━━━ Information shown ━━━

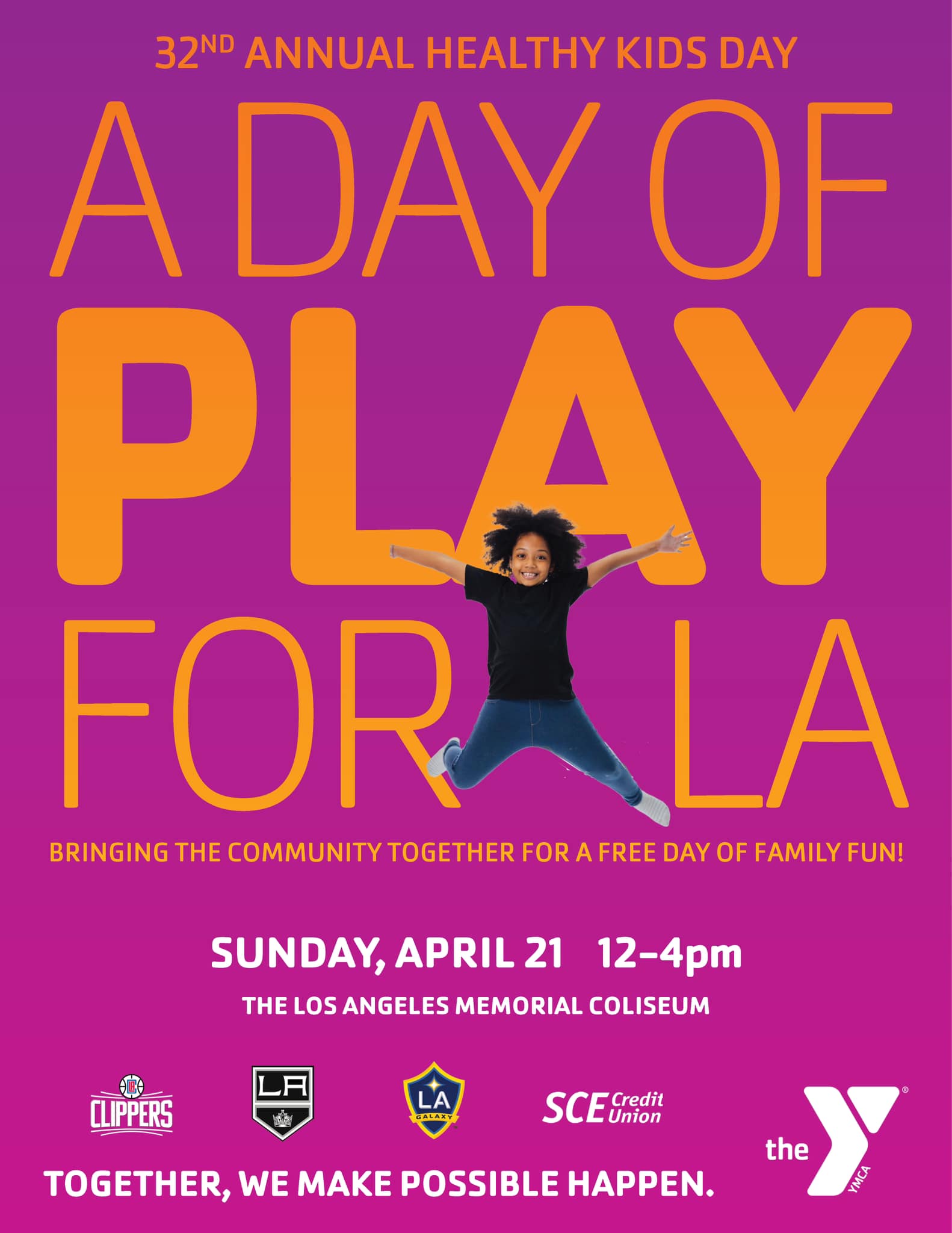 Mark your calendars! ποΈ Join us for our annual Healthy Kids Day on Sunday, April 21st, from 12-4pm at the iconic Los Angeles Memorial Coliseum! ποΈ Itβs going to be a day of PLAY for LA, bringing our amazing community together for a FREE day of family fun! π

━━━
━━━ Information shown ━━━

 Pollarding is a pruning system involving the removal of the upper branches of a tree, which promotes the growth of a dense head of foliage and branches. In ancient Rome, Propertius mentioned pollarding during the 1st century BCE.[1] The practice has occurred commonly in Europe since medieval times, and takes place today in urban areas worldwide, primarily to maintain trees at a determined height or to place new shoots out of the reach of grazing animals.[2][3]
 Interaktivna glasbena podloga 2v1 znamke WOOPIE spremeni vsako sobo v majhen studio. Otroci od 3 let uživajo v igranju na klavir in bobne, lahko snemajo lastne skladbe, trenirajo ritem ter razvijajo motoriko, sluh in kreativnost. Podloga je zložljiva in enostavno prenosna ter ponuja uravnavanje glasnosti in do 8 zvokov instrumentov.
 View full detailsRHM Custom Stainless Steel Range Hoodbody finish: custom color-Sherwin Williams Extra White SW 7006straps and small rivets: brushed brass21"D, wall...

━━━

◆ Your goal ◆
Of all the entries above, retype exactly the lines from the line with "Interaktivna glasbena podloga" to the line with "View full detailsRHM", both included, and no others.

◆ Response area ◆
 Interaktivna glasbena podloga 2v1 znamke WOOPIE spremeni vsako sobo v majhen studio. Otroci od 3 let uživajo v igranju na klavir in bobne, lahko snemajo lastne skladbe, trenirajo ritem ter razvijajo motoriko, sluh in kreativnost. Podloga je zložljiva in enostavno prenosna ter ponuja uravnavanje glasnosti in do 8 zvokov instrumentov.
 View full detailsRHM Custom Stainless Steel Range Hoodbody finish: custom color-Sherwin Williams Extra White SW 7006straps and small rivets: brushed brass21"D, wall...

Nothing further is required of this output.